Any proceeds of resale of Goods received by the Purchaser for which the full purchase price has not being received by the Company shall be received by the Purchaser as agent for a fiduciary of the Company and on the account of the Company and those proceeds shall be kept in a separate and identifiable account. On payment by the Purchaser to the Company of the full amount of the purchase price of the Goods from the proceeds of resale, the Purchaser may retain any surplus. The Company shall be entitled to appropriate a payment to particular tiles no longer in the possession to under the control of the Purchaser, unless the Purchaser has previously expressly appropriated payment to certain specific tiles and has communicated that appropriation to the Company in writing.  

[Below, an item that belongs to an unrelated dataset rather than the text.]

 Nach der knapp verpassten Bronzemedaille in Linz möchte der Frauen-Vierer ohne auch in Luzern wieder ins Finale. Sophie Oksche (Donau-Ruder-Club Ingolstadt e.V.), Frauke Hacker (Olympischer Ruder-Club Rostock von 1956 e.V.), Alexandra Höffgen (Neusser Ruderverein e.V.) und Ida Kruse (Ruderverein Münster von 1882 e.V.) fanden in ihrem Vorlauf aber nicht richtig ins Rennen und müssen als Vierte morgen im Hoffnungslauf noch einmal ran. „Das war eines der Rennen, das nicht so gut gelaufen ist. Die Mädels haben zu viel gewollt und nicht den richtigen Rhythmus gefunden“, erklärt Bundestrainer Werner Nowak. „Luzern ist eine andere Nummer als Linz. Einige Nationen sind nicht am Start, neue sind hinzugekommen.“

Until resale or until laid the tiles and other Goods supplied by the Company shall be separately stored and identified by the Purchaser in such a way to clearly indicate the Company’s ownership thereof.  

Security Interest  

  1. Unless otherwise stated, a term contained in these Conditions of Sale that is defined in the Personal Property Securities Act 2009 (Cth) (PPSA) (but not otherwise defined in these Conditions of Sale) has the meaning given to it in the PPSA. 

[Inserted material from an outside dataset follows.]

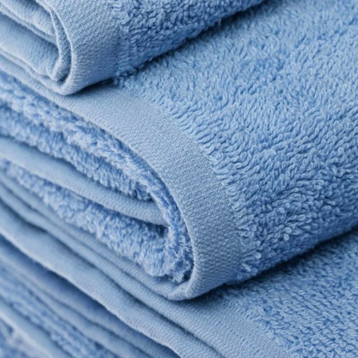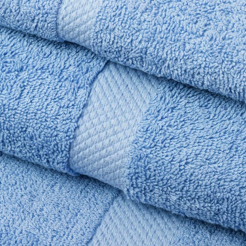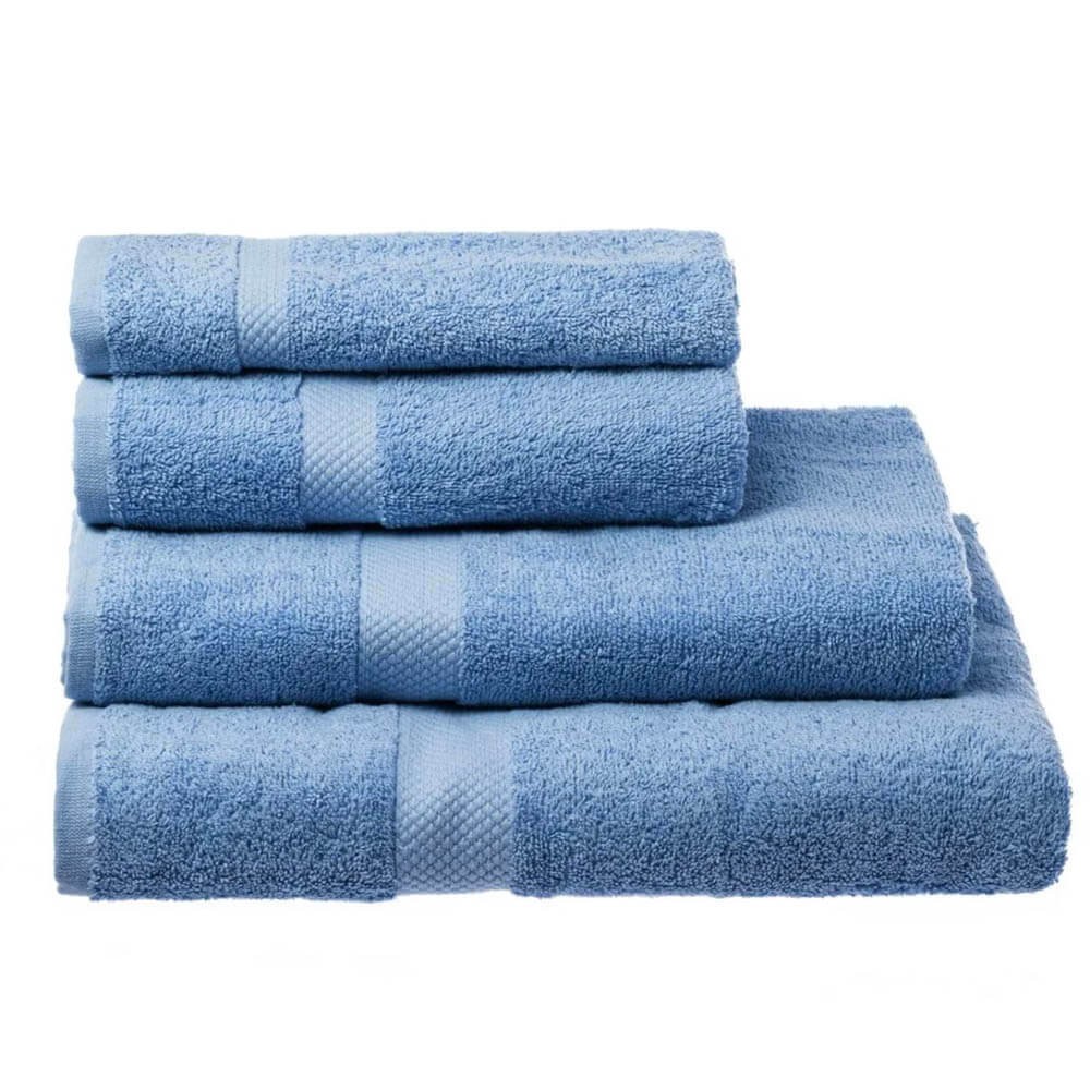 Toalla de baño tamaño tocador en color azul, confeccionada 100% en algodón peinado de alta calidad de 550gr. El tejido sorprende por su suavidad y absorción, por lo que será una delicia envolverse en la toalla después de un baño o de una ducha.

  2. In consideration for the Company supplying Goods to the Purchaser under these Conditions of Sale, the Purchaser: 
  3. grants to the Company a security interest, and to the extent applicable, a purchase money security interest (PMSI) in respect of all Goods supplied by the Company to the Purchaser from time to time; 
  4. agrees that the security interest and any PMSI granted will continue to apply to any goods coming into existence or proceeds of sale of Goods or goods coming into existence; 
  5. agrees to treat the security interest and any PMSI created under these Conditions of Sale as a continuing and subsisting security interest in the relevant Goods with priority over any registered or unregistered general (or other) security and any unsecured creditor (even if the Goods become fixtures before paid for in full); 
  6. agrees that the security interest and any PMSI has attached to all Goods now or in the future supplied to the Purchaser by the Company; and 
  7. these Conditions of Sale constitute a security agreement for the purposes of the PPSA with respect to any security interest or PMSI in relation to the Goods or any other collateral in relation thereto. 
  8. The Company reserves the right to register a financing statement under the PPSA in respect of the Goods and to generally register and perfect any security arising pursuant to these Conditions of Sale and the supply of Goods to the Purchaser from time to time. The Purchaser agrees to reimburse the Company for all costs and/or expenses incurred or payable by the Company in relation to registering, maintaining or releasing any financing statement or any other document in respect of any security interest under this agreement. 
  9. The Purchaser and the Company agree that to the extent mentioned by Section 115(1) (a) – (r) of the PPSA, they agree to contract out of each of the provisions of the PPSA listed in section 115(1) (a) – (r) (inclusive) and the Purchaser hereby waives it rights under each of the sections of the PPSA referred to therein. The Purchaser further waives its right to receive a copy of any financing statement, any financing change statement or any verification statement that is or may be registered, issued or received at any time or which would otherwise be required to be provided by the Company under the PPSA. 
  10. The Purchaser agrees that, until all monies owing to the Company are paid in full, it shall not sell or grant any other security interest in the Goods or any collateral thereto (which collateral shall be deemed to include all goods and the proceeds from the sale of such Goods by the Purchaser).